Awareness is something that I learned a lot about in yoga. And it's something that I'm starting to realize I've lost a little bit of touch with over the past years. The past few days I have been feeling much better in my body than I have in a long time. Part of this is actually FEELing hungry, FEELing sore, FEELing sated. It feels GOOD...even the less pleasant feelings feel AWARE. I've been drowning this awareness feeling...with food, alcohol, the endorphins of falling in love, the stress of work/life/surgeries/body challenges. I have been giving lip service to a lot of things while DOING them half-heartedly. I am really trying now to DO it.

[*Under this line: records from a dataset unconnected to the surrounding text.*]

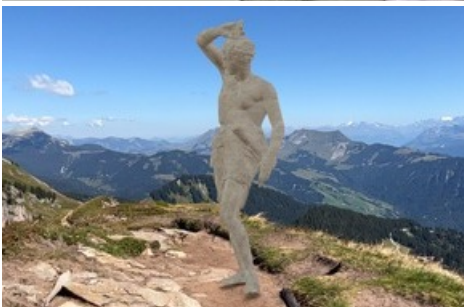
La sculpture en réalité augmentée. Elle peut être visualisée avec n'importe quel smartphone. Crédits : Sarah Montani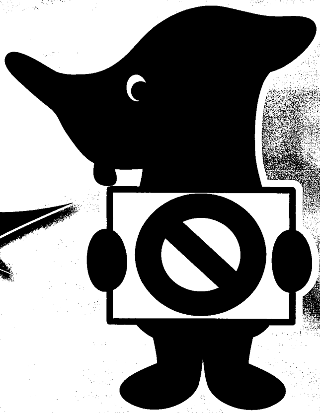
千葉県マスコットキャラクター「チーバくん」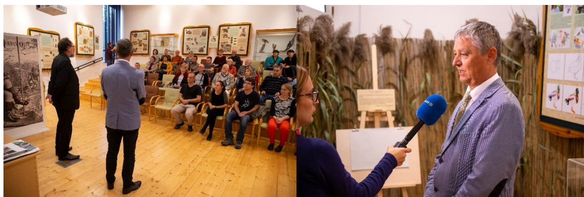
9. ábra: A kiállítás megnyitója 2022. szeptember 29-én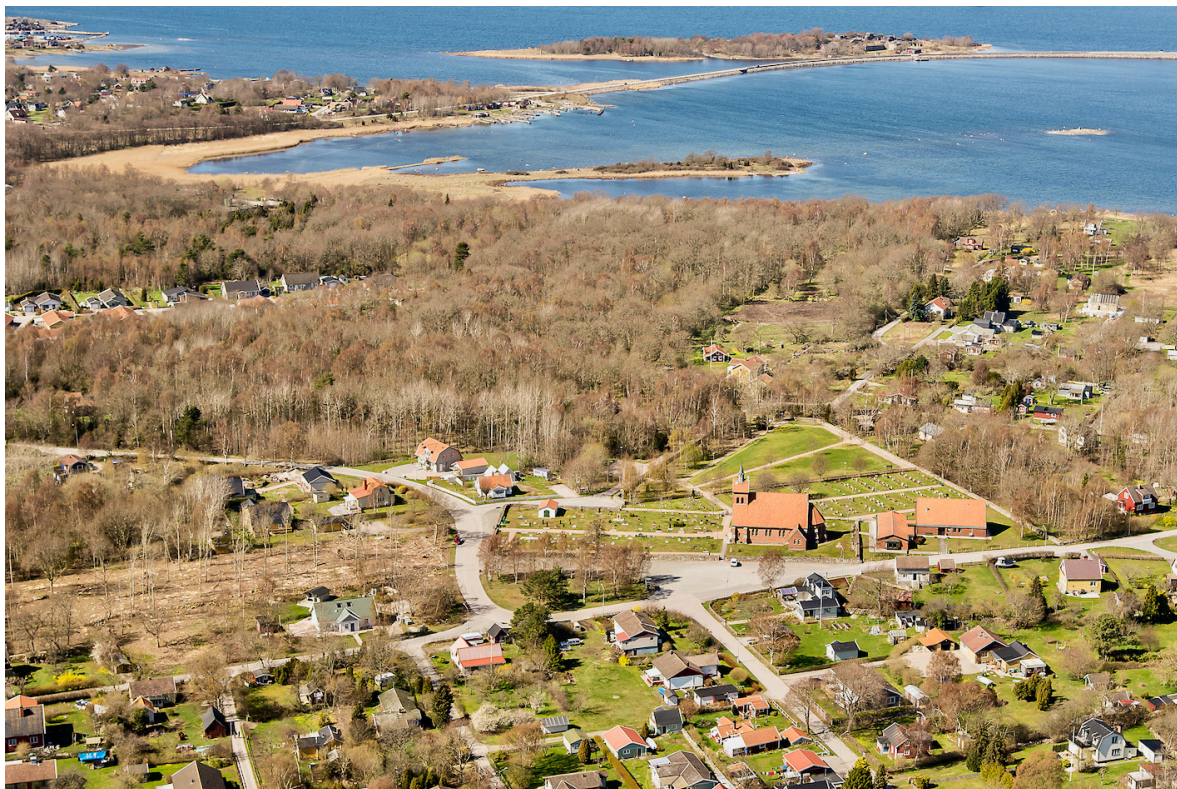
Flygbild över Hasslö 2014, tagen från öster. Norr om kyrkan ligger församlingshemmet och i bakgrunden syns bron mot fastlandet via Västra Hästholmen och Almö (utanför bild).

Hasslö i den blekingska skärgården är en av de så kallade storöarna som skapar det naturligt skyddade hamnläge där Karlskrona anlades under senare delen av 1600-talet. Hasslö kyrka är belägen centralt på Hasslös nordöstra spets, inbäddad mellan villakvarter och lövskogsdungar cirka 500 meter från havet. Kyrkan är uppförd i syd-nordlig riktning, eller mer exakt med koret i nord-nordöst. Orsaken till att den inte uppförts i för kyrkobyggnader traditionell väst-östlig riktning är okänd. Äldre fastighetsgränser kan vara en förklaring, men redan på häradsekonomska kartan 1915–1919 har kyrkans fastighet den diagonala och avvikande riktning den ännu har gentemot kringliggande bostadskvarter. Hasslö har historiskt tillhört Förkärla socken, men 1888 bröt sig Hasslö

The hunger feelings are a challenge...I am slightly hypoglycemic so hunger can quickly turn into sick feeling and I have to balance how the hunger feels kind of good with letting it get too far out of hand so I overeat. I have to always be aware of where there is "safe" food before I get in trouble. And I'm having to plan ahead -- this Friday I'll be going up to DB's daughter's to help the night before the sale and I know how food is in their house: not good. I'll need to eat before I go and take some of MY food with me for the next day.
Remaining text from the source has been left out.